* [What the task asks] Using the listing below, set down exactly the lines from the one that contains "Protect yourself on" through the one that contains "360°Swivel Accent Chair,Fabric", with no pictures.

═════ Entries shown

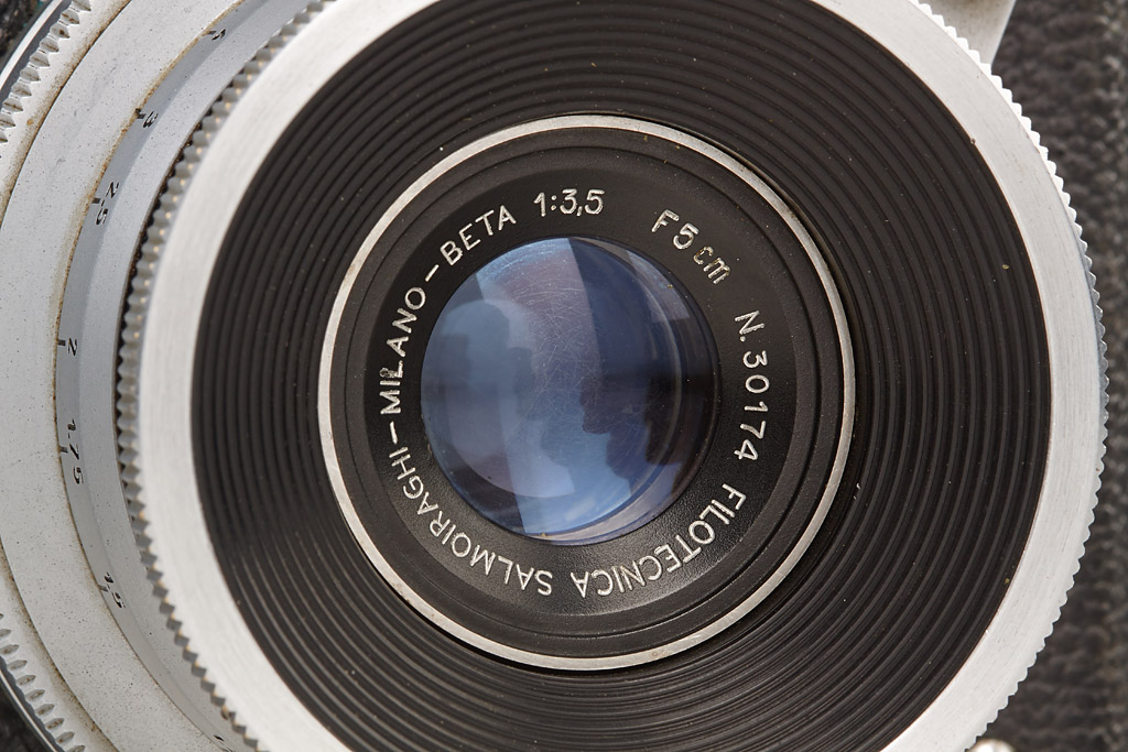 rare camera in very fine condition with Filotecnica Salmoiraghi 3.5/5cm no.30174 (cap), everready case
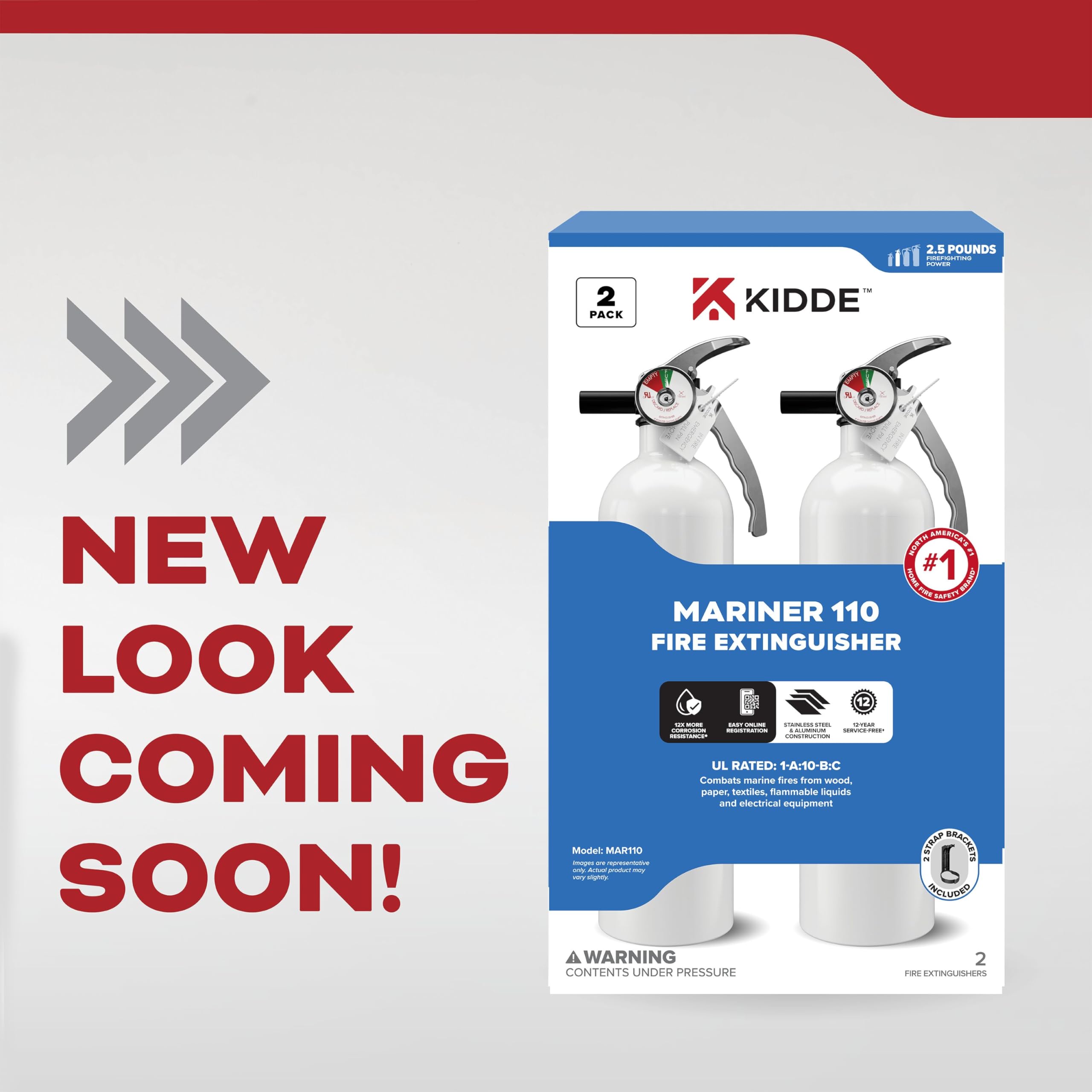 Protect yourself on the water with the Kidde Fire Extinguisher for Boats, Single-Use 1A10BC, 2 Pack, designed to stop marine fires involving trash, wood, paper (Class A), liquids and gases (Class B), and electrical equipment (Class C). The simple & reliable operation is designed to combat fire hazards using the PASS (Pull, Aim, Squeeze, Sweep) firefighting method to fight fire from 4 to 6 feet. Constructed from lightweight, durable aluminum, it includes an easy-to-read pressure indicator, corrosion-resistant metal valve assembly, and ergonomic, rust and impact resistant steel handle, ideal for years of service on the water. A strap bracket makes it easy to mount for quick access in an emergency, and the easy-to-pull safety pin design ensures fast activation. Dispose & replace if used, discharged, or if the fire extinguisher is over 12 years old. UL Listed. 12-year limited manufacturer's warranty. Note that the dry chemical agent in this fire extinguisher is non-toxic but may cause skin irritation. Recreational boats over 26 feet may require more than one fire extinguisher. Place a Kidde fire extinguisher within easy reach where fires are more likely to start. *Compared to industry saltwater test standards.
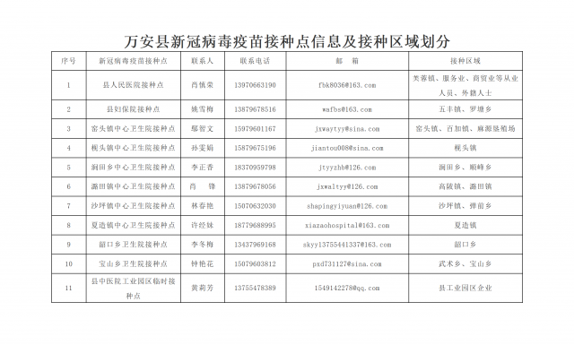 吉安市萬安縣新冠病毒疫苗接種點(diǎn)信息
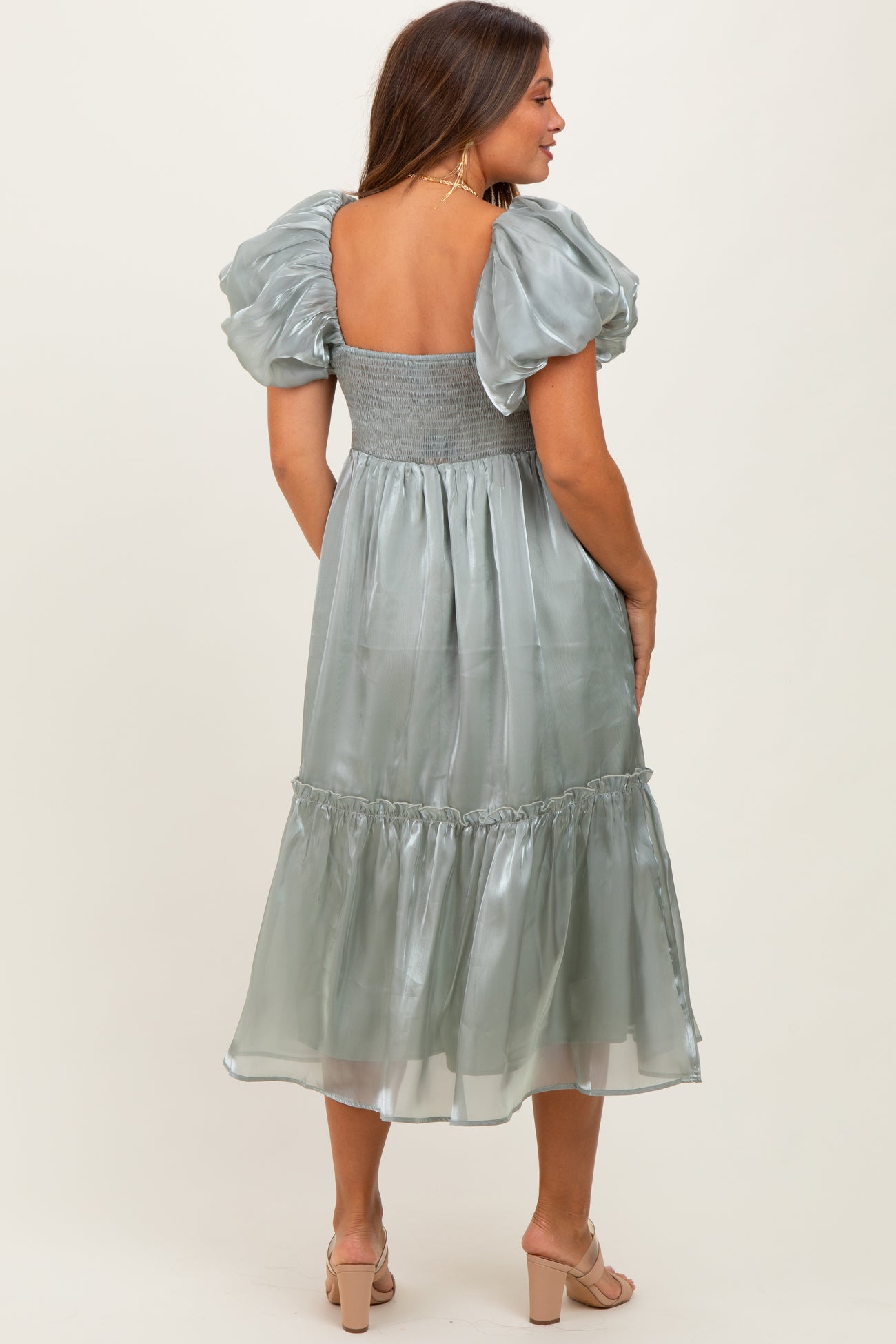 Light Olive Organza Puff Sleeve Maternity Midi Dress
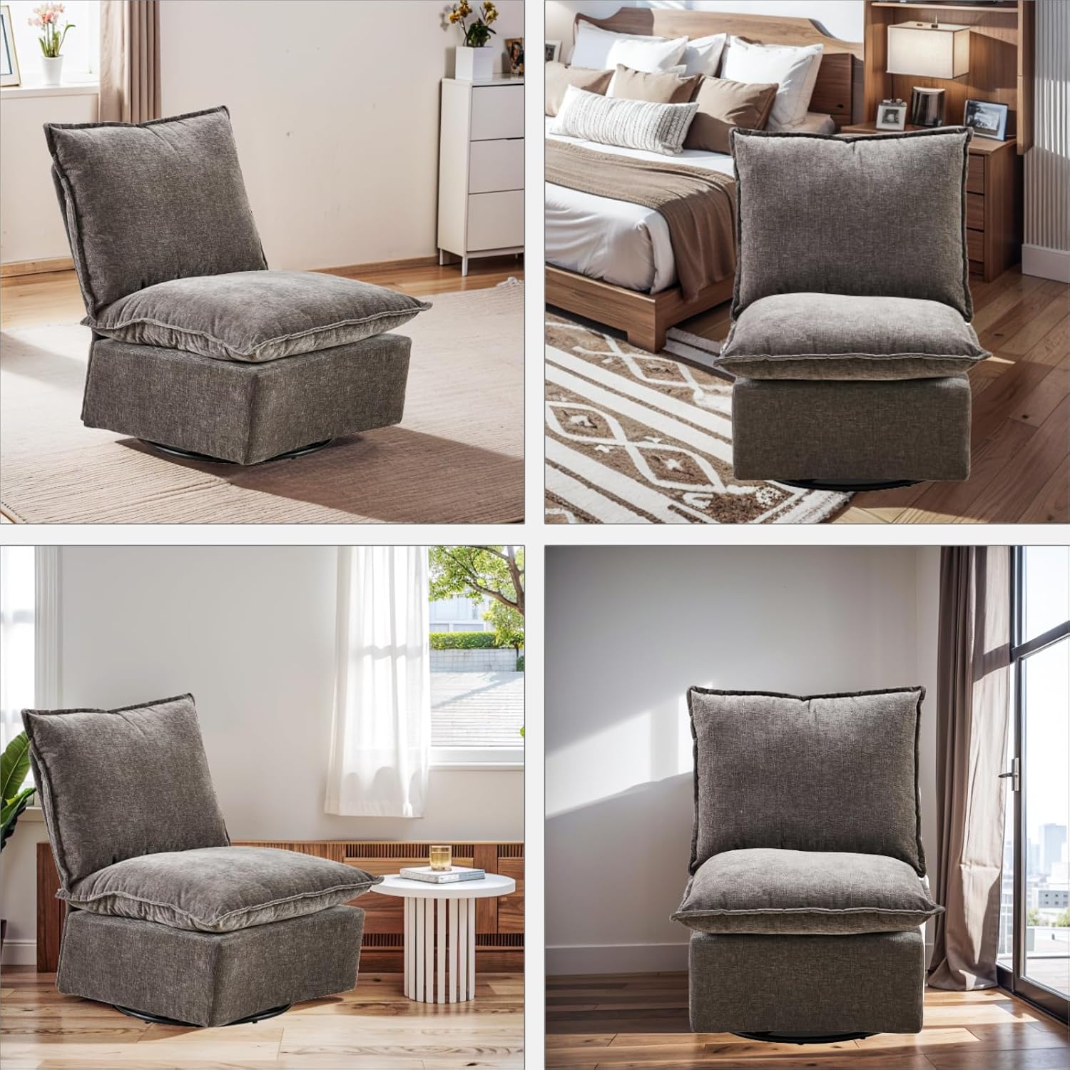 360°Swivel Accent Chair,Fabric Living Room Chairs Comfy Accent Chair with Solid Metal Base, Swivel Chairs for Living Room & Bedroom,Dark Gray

══════════
═════ Entries shown

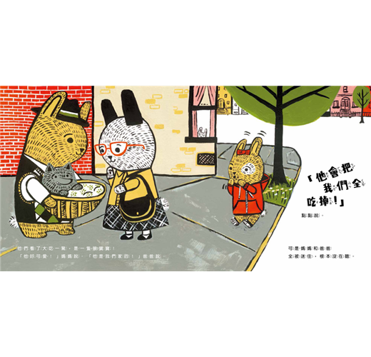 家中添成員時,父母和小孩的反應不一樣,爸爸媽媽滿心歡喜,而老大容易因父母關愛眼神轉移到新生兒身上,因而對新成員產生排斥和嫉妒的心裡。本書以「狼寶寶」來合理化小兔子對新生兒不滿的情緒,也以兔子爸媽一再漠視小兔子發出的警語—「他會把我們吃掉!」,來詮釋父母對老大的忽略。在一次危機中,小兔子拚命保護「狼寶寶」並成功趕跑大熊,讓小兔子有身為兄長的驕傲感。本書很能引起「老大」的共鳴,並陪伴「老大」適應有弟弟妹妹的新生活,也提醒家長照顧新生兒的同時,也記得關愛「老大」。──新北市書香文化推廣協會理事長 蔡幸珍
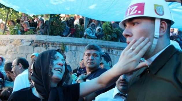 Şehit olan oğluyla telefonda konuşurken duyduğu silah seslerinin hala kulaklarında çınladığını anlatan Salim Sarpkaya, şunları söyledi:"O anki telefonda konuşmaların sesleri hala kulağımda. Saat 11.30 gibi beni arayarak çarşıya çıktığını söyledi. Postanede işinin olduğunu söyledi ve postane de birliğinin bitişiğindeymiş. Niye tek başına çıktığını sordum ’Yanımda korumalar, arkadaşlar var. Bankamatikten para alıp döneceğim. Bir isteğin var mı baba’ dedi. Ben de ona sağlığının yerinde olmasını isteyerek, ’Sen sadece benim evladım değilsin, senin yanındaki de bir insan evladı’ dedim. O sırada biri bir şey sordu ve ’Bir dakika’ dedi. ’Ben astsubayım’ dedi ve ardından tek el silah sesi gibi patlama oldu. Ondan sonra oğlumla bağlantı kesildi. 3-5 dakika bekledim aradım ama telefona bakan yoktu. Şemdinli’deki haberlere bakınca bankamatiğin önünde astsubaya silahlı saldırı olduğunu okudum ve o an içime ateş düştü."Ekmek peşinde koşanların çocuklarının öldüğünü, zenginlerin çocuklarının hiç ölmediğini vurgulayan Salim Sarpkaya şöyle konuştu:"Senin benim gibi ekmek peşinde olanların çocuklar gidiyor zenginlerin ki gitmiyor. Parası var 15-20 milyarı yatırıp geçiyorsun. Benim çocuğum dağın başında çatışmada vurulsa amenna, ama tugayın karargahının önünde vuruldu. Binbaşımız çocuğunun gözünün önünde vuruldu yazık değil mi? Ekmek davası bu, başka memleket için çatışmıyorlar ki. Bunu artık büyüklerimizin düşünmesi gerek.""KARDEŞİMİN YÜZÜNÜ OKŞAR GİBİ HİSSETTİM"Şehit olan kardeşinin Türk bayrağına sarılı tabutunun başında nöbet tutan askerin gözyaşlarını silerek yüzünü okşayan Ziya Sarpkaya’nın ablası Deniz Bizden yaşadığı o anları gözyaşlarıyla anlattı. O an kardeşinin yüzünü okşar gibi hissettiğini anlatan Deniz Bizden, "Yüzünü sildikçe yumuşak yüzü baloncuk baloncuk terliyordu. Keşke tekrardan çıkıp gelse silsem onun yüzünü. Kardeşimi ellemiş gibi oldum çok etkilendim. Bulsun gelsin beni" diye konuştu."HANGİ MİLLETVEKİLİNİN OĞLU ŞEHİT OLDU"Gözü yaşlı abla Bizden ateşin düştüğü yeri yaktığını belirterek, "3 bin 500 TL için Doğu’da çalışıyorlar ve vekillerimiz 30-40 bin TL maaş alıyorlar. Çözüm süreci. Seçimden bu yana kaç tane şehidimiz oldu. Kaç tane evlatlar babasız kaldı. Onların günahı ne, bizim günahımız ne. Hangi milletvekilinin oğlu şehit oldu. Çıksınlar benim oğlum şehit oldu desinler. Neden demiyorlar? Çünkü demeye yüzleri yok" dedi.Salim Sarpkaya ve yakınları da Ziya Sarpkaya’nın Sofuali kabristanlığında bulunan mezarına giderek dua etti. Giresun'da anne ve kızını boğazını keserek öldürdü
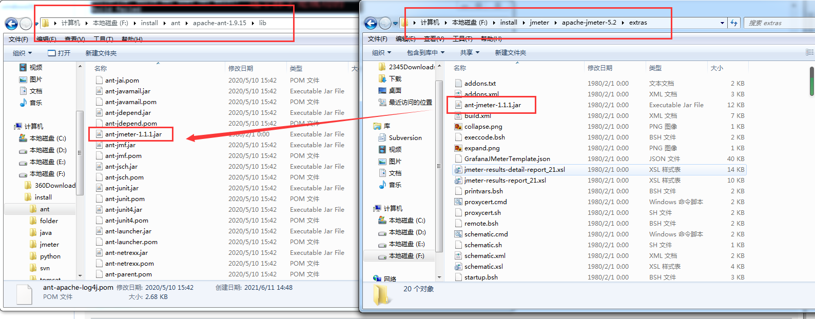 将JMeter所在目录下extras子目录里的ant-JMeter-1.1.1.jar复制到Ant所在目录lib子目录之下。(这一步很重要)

══════════
═════ Entries shown

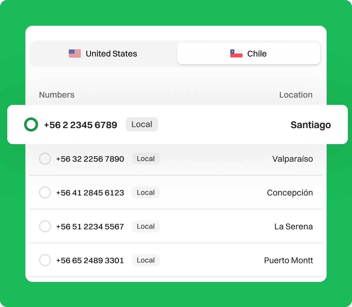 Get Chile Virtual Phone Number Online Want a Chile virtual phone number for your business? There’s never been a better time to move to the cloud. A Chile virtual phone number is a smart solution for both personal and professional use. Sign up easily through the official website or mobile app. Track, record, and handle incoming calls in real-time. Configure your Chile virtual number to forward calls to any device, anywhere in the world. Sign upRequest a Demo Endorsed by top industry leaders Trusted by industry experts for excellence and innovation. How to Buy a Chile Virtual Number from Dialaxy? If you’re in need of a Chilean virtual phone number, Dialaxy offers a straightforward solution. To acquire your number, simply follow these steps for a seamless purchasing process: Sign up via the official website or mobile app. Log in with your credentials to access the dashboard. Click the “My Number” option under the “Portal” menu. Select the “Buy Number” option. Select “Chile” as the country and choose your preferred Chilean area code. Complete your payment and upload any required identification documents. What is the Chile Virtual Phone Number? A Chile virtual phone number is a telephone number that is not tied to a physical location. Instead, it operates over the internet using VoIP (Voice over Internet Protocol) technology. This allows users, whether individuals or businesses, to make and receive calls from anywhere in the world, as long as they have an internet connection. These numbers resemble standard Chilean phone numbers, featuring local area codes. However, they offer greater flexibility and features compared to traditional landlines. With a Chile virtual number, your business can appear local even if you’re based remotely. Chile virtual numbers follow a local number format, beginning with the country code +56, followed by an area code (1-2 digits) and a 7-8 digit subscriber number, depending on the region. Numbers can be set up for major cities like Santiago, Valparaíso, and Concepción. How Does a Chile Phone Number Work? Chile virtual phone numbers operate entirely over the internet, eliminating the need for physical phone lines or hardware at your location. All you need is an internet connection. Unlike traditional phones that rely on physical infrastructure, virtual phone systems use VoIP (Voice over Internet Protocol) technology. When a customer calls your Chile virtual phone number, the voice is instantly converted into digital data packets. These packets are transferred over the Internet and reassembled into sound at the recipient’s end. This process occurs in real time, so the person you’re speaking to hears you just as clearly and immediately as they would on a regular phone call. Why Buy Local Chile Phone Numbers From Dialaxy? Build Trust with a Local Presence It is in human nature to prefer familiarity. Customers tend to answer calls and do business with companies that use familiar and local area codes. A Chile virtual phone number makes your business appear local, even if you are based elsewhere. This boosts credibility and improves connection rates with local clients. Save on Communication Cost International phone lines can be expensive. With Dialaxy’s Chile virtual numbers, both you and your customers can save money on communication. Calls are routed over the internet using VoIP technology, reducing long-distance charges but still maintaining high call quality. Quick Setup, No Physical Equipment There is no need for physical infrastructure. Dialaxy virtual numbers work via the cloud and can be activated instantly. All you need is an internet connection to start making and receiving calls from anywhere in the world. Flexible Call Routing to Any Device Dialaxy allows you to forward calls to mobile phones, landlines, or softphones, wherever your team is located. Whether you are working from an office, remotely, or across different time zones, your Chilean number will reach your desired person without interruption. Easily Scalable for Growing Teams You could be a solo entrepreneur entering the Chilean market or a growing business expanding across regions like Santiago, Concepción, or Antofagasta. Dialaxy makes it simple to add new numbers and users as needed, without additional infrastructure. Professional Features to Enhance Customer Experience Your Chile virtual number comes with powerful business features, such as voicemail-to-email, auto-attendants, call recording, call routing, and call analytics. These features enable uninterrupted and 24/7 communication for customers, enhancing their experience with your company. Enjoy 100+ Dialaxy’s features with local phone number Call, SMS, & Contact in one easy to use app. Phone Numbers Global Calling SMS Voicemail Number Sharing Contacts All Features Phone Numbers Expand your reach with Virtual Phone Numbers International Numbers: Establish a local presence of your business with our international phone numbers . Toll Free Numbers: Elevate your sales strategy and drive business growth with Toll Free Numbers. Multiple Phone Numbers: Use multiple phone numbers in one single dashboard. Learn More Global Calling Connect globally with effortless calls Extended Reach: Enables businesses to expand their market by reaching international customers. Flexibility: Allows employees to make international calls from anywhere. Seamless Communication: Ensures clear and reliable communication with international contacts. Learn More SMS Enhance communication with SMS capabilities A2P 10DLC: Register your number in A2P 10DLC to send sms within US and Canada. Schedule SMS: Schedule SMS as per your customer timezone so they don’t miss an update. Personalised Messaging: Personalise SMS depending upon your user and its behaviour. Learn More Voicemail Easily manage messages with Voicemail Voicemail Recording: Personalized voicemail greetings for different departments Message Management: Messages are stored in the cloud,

══════════

* [Task result]
 Protect yourself on the water with the Kidde Fire Extinguisher for Boats, Single-Use 1A10BC, 2 Pack, designed to stop marine fires involving trash, wood, paper (Class A), liquids and gases (Class B), and electrical equipment (Class C). The simple & reliable operation is designed to combat fire hazards using the PASS (Pull, Aim, Squeeze, Sweep) firefighting method to fight fire from 4 to 6 feet. Constructed from lightweight, durable aluminum, it includes an easy-to-read pressure indicator, corrosion-resistant metal valve assembly, and ergonomic, rust and impact resistant steel handle, ideal for years of service on the water. A strap bracket makes it easy to mount for quick access in an emergency, and the easy-to-pull safety pin design ensures fast activation. Dispose & replace if used, discharged, or if the fire extinguisher is over 12 years old. UL Listed. 12-year limited manufacturer's warranty. Note that the dry chemical agent in this fire extinguisher is non-toxic but may cause skin irritation. Recreational boats over 26 feet may require more than one fire extinguisher. Place a Kidde fire extinguisher within easy reach where fires are more likely to start. *Compared to industry saltwater test standards.
 吉安市萬安縣新冠病毒疫苗接種點(diǎn)信息
 Light Olive Organza Puff Sleeve Maternity Midi Dress
 360°Swivel Accent Chair,Fabric Living Room Chairs Comfy Accent Chair with Solid Metal Base, Swivel Chairs for Living Room & Bedroom,Dark Gray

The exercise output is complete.